### Exercise description
Transcribe the entries below exactly, starting with the line that has "Artikelbeschreibung:synthetischer Filz, 2" and stopping after the line that has "have happened? |"; no pictures belong in the copy.

### Material shown
▬▬▬
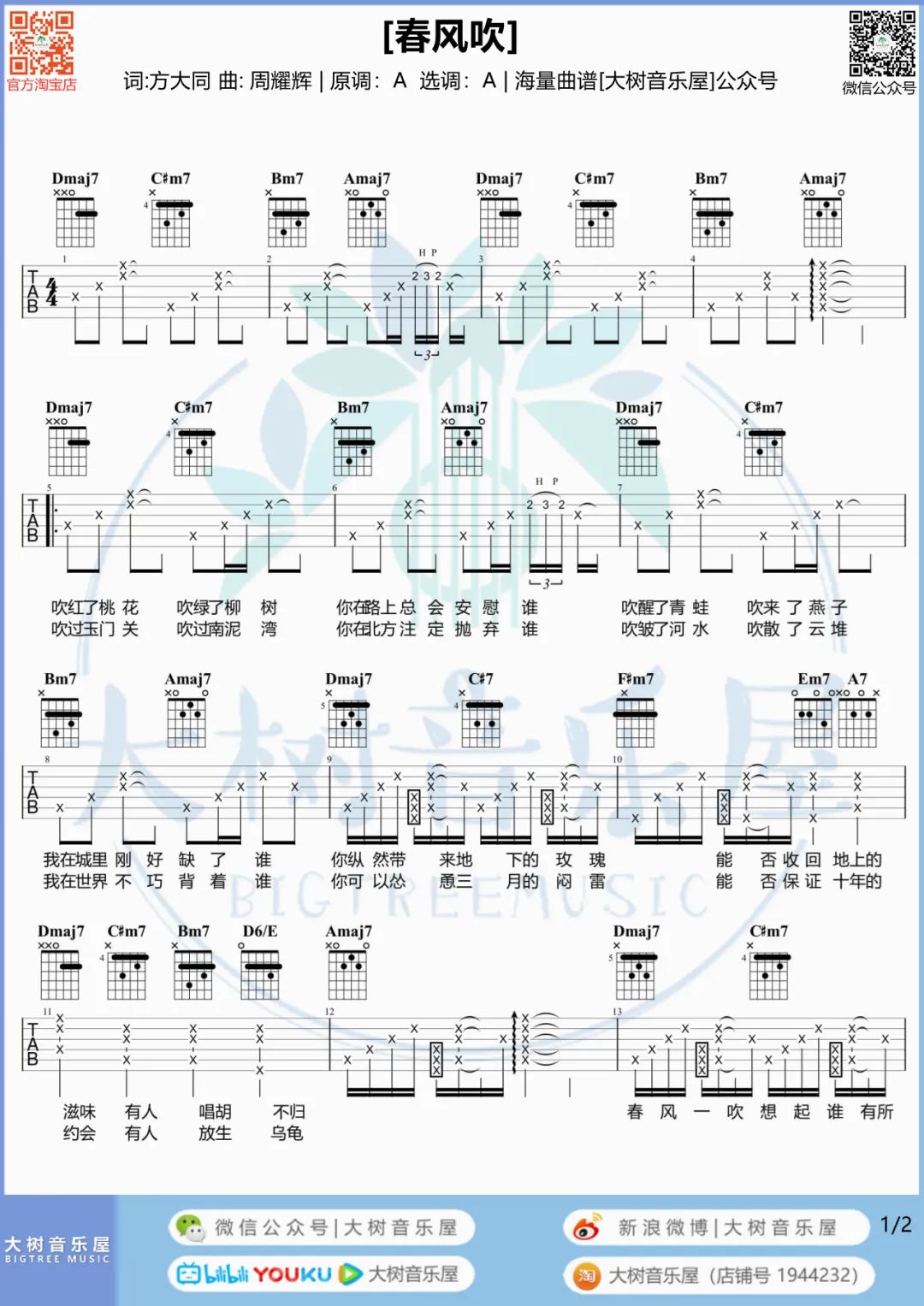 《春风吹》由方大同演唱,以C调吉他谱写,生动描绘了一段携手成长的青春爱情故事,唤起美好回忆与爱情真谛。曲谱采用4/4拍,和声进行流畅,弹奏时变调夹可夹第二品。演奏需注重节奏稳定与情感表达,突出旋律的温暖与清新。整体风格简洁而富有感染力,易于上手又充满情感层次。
▬▬▬
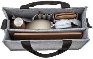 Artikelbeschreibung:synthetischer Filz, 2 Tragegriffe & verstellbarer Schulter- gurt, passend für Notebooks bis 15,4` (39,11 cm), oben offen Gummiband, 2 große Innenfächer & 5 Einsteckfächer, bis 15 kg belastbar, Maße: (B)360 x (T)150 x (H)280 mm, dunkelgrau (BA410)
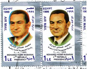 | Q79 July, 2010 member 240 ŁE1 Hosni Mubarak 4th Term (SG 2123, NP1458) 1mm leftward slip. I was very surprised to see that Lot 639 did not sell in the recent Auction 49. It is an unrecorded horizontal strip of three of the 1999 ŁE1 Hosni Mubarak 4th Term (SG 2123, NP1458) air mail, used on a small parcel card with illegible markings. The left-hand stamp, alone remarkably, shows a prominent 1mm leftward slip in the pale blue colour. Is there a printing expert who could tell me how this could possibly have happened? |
▬▬▬
### Answer to this problem
 Artikelbeschreibung:synthetischer Filz, 2 Tragegriffe & verstellbarer Schulter- gurt, passend für Notebooks bis 15,4` (39,11 cm), oben offen Gummiband, 2 große Innenfächer & 5 Einsteckfächer, bis 15 kg belastbar, Maße: (B)360 x (T)150 x (H)280 mm, dunkelgrau (BA410)
 | Q79 July, 2010 member 240 ŁE1 Hosni Mubarak 4th Term (SG 2123, NP1458) 1mm leftward slip. I was very surprised to see that Lot 639 did not sell in the recent Auction 49. It is an unrecorded horizontal strip of three of the 1999 ŁE1 Hosni Mubarak 4th Term (SG 2123, NP1458) air mail, used on a small parcel card with illegible markings. The left-hand stamp, alone remarkably, shows a prominent 1mm leftward slip in the pale blue colour. Is there a printing expert who could tell me how this could possibly have happened? |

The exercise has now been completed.